Make an exact copy, without pictures, of the lines below from the one containing "The design needed" to the last line, both ends included.
Raw data section start
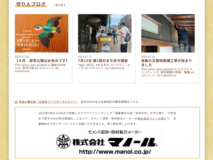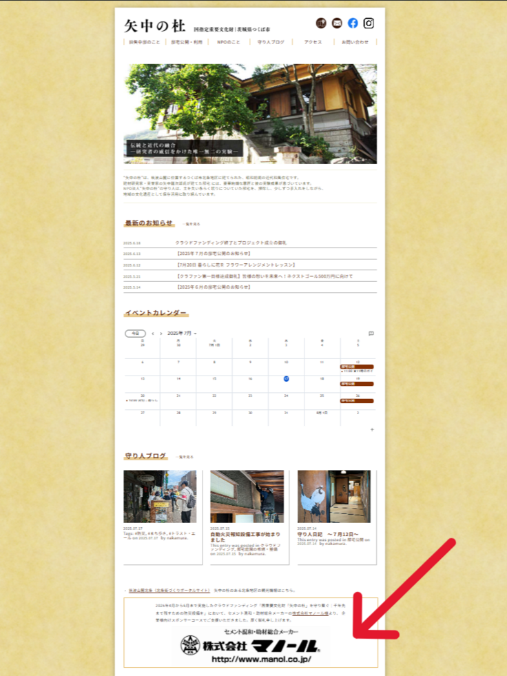 「スポンサーコース」リターン:株式会社マノール様の企業名と企業ロゴと矢中の杜HPに掲載しました
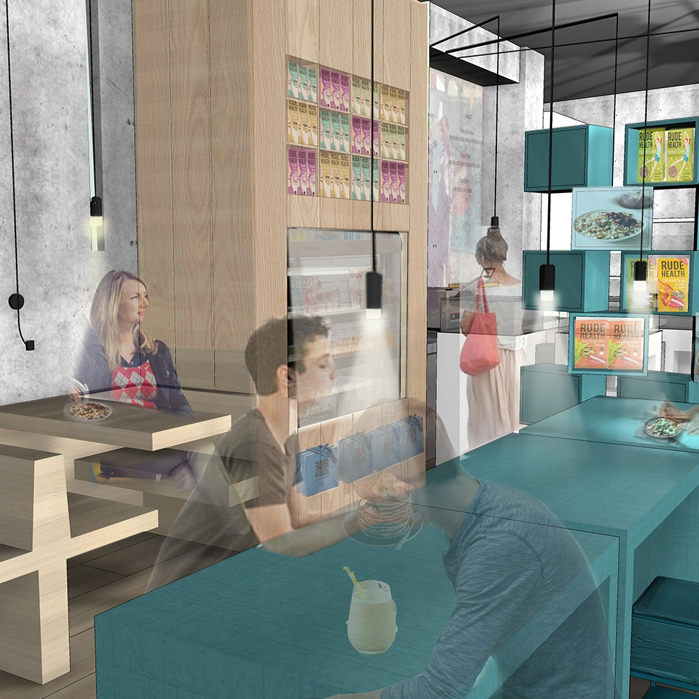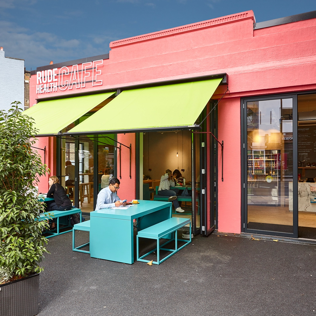 The design needed to embody Rude Health’s energetic, optimistic personality while supporting a mix of uses. The space had to shift seamlessly from a busy daytime café into an evening studio or event venue – all without losing its warmth or identity.
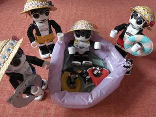 プール! アッチぃね〜。チビロボ達が、プール、プールとうるさいので、引っ張り出してきたよ。ワーイ、ボク達もうれしいよ!水遊びだぁ〜! ちょっと小さいけど、チビロボにはピッタリかな〜。ボク達、お風呂入ってるみたい。ちゃんと水着だもん。麦わらも被って、日差し対策もバッチリだもん。
Raw data section end
● **Written solution**:
 The design needed to embody Rude Health’s energetic, optimistic personality while supporting a mix of uses. The space had to shift seamlessly from a busy daytime café into an evening studio or event venue – all without losing its warmth or identity.
 プール! アッチぃね〜。チビロボ達が、プール、プールとうるさいので、引っ張り出してきたよ。ワーイ、ボク達もうれしいよ!水遊びだぁ〜! ちょっと小さいけど、チビロボにはピッタリかな〜。ボク達、お風呂入ってるみたい。ちゃんと水着だもん。麦わらも被って、日差し対策もバッチリだもん。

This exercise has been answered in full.